Reputation: 828
I am working on a solution to send DynamoDB data to an S3 bucket for multiple teams to consume. I need 2 separate solutions:
Based on the latest functionality available from AWS, what is the most affordable solution for this, in terms of cost and time? Is there a no-code solution that can easily be created for this and get it up and running fast?
I have considered the following:
Would EMR or Glue be helpful here? What else should I be considering?
Upvotes: 0
Views: 1559
Reputation: 217
I am working on this problem as well. Some notes of what I have been thinking:
For initial load from DynamoDB to S3 I decided on Export to S3 in parquet format. These large datasets benefit from columnar storage, compression, and partitioning for subsequent ETL jobs. Parquet supports nested objects through to the warehouse where most SQL databases can query them to update relational model tables. I then ingest the initial load into SQL.
For continuous updating of data, I decided on enabling Dynamo Streams sending continuous CDCs to Firehose with batching enabled, landing in S3 in parquet format as well, for consistency.
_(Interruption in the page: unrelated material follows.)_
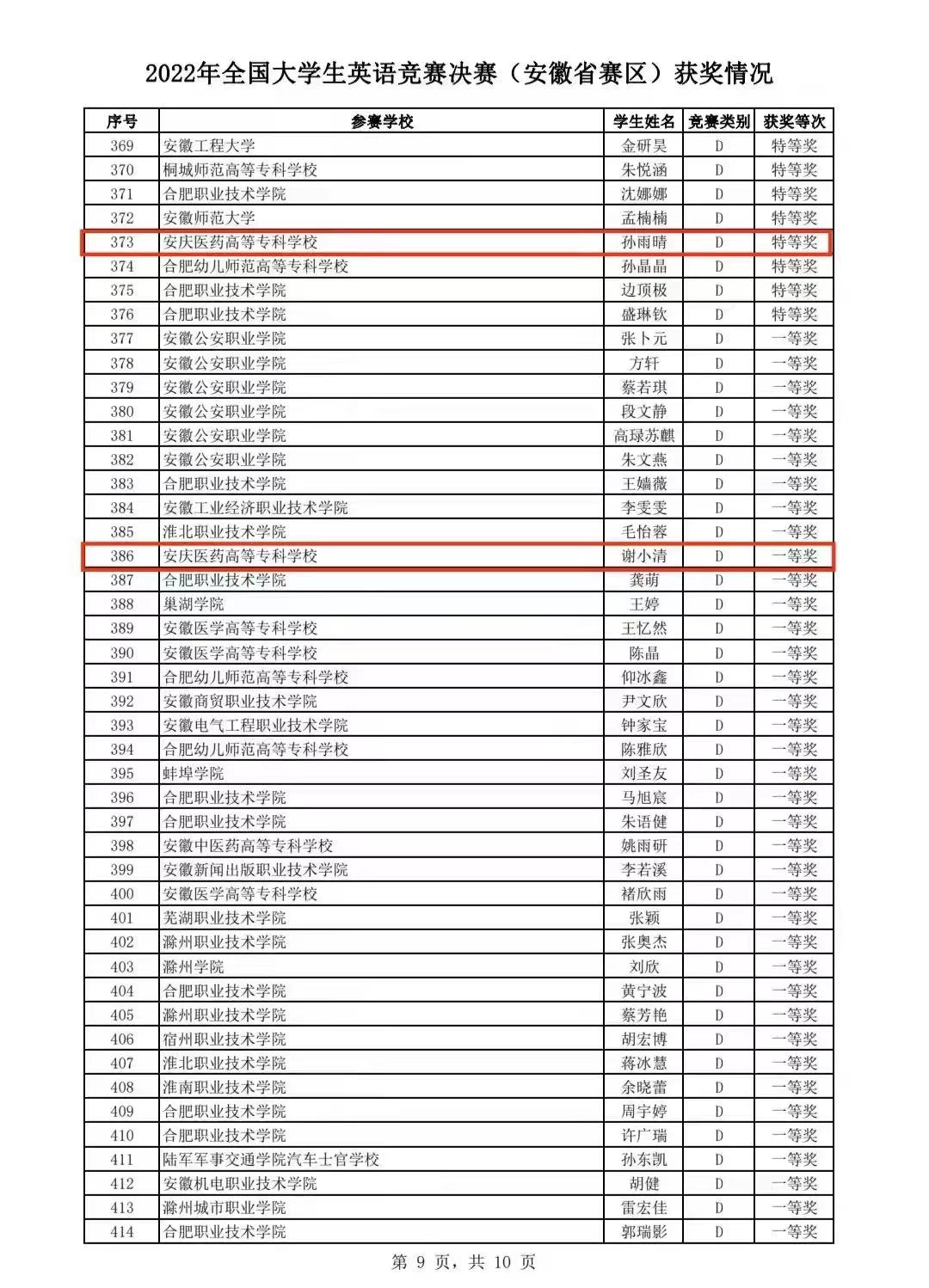 在10月23日落下帷幕的2022年全国大学生英语竞赛(National English Competition for College Students,简称“NECCS”)决赛(安徽省赛区)中,今年会汪婧老师指导的医学院20级康复1班孙雨晴同学荣获特等奖,并将进军国赛;汪志霞老师指导的药学院20级中药2班谢小清同学荣获一等奖。

From there a Glue job reads the parquet file into a pandas or spark dataframe, joins data from the SQL server, makes minor transformss but, and writes new dataframes in separate buckets that will be ingested into SQL for CRUD operations, updating the following tables:
These would be orchestrated by Airflow-triggered stored procedure.
And I hope my tables for bi analysts and ml teams will be good to go. If kpis change I can recompute kpi snapshots for historical data all in Sql.
Upvotes: 0
Reputation: 4845
I'd only not use the newish Export to S3 functionality if you have a good reason not to. For example, E->S3 puts the data into a format you cannot easily consume or you need an ongoing updated copy as it is a point in time export. If that format is not what you want, then I'd look at the CDC options or Glue/EMR for ETL. Just know that Glue/EMR usually pull from the DynamoDB table itself, whereas Export to S3 uses the PITR backup data and therefore puts zero load on the table itself. You could also use Export to S3 and then use Glue to transform the data into the end format you need. I do not know the ongoing cost info off the top of my head, but that should be a consideration as well.